_Assignment_
The listing below holds a line with "1450 w hammer" and a later line with "[Durable and Safe". Write out those two lines and every line between them, exactly, and nothing else.

_Dataset excerpts_
##########

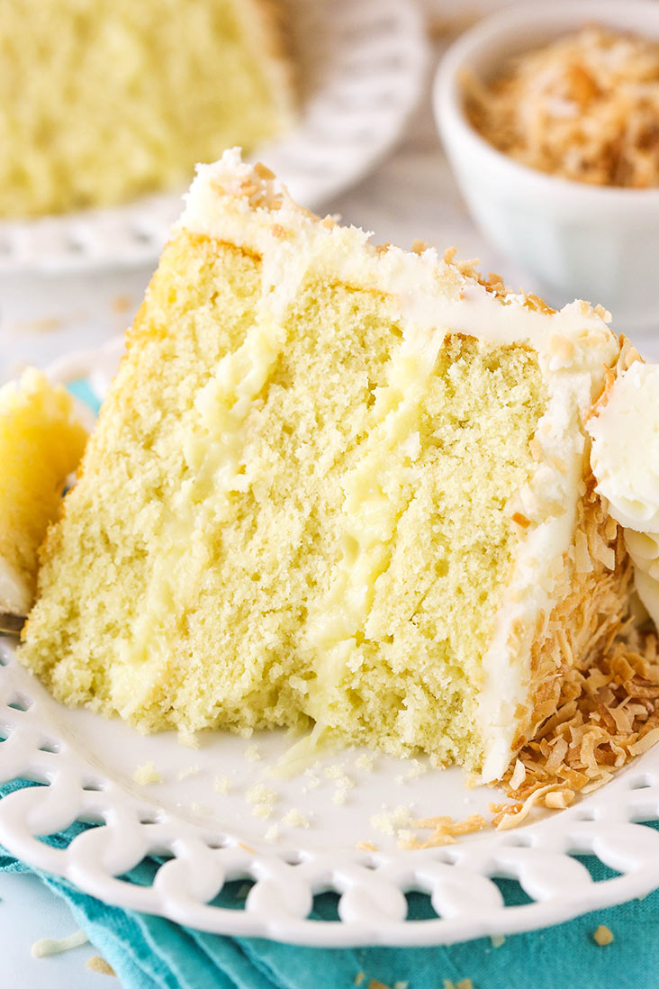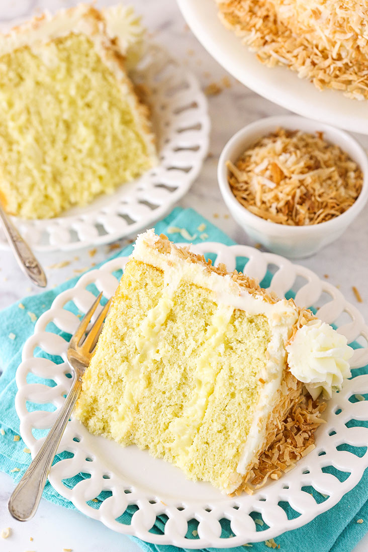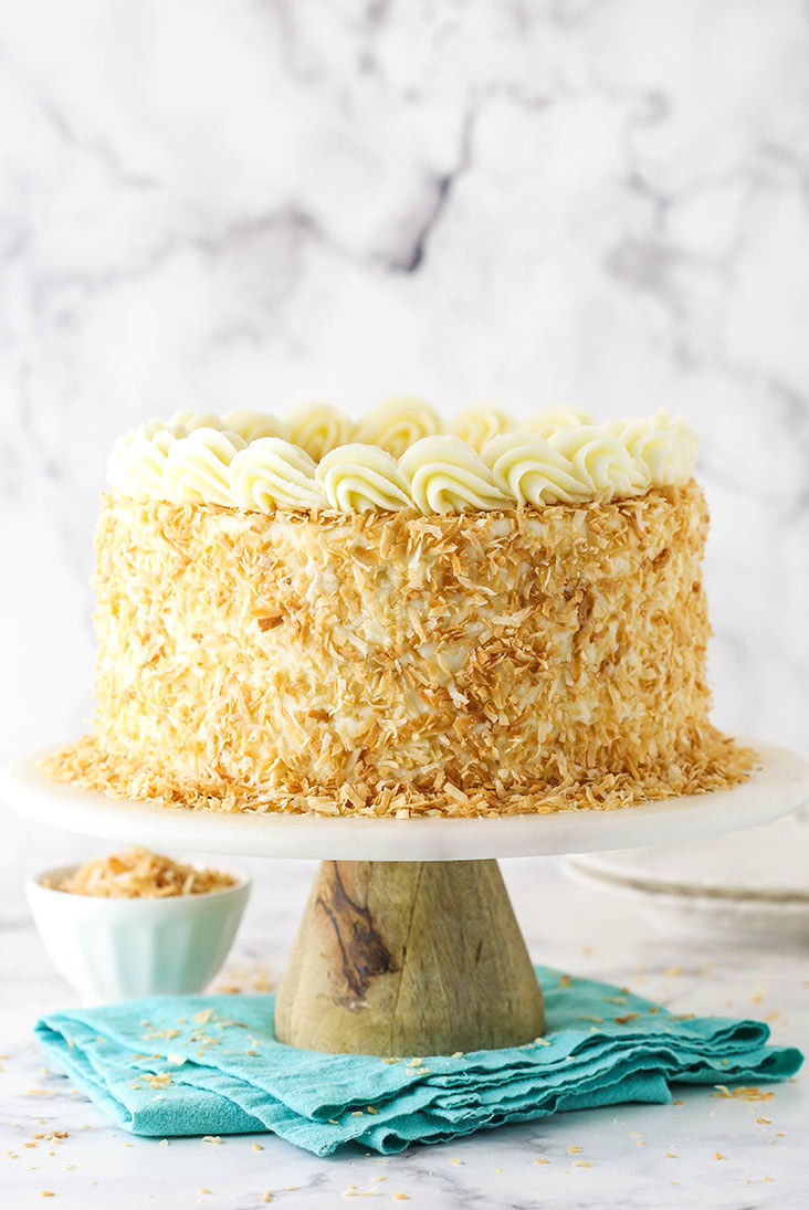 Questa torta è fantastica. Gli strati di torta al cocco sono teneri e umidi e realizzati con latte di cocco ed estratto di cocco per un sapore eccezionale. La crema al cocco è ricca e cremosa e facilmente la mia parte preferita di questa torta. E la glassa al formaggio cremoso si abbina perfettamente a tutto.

##########

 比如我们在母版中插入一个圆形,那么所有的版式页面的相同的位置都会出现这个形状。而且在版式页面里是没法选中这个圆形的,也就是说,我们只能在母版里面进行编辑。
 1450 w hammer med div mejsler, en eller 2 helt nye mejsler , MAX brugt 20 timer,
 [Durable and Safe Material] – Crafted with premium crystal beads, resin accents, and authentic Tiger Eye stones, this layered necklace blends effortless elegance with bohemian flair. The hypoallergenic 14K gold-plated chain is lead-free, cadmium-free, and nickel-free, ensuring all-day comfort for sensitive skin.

##########

_Solution for this task_
 1450 w hammer med div mejsler, en eller 2 helt nye mejsler , MAX brugt 20 timer,
 [Durable and Safe Material] – Crafted with premium crystal beads, resin accents, and authentic Tiger Eye stones, this layered necklace blends effortless elegance with bohemian flair. The hypoallergenic 14K gold-plated chain is lead-free, cadmium-free, and nickel-free, ensuring all-day comfort for sensitive skin.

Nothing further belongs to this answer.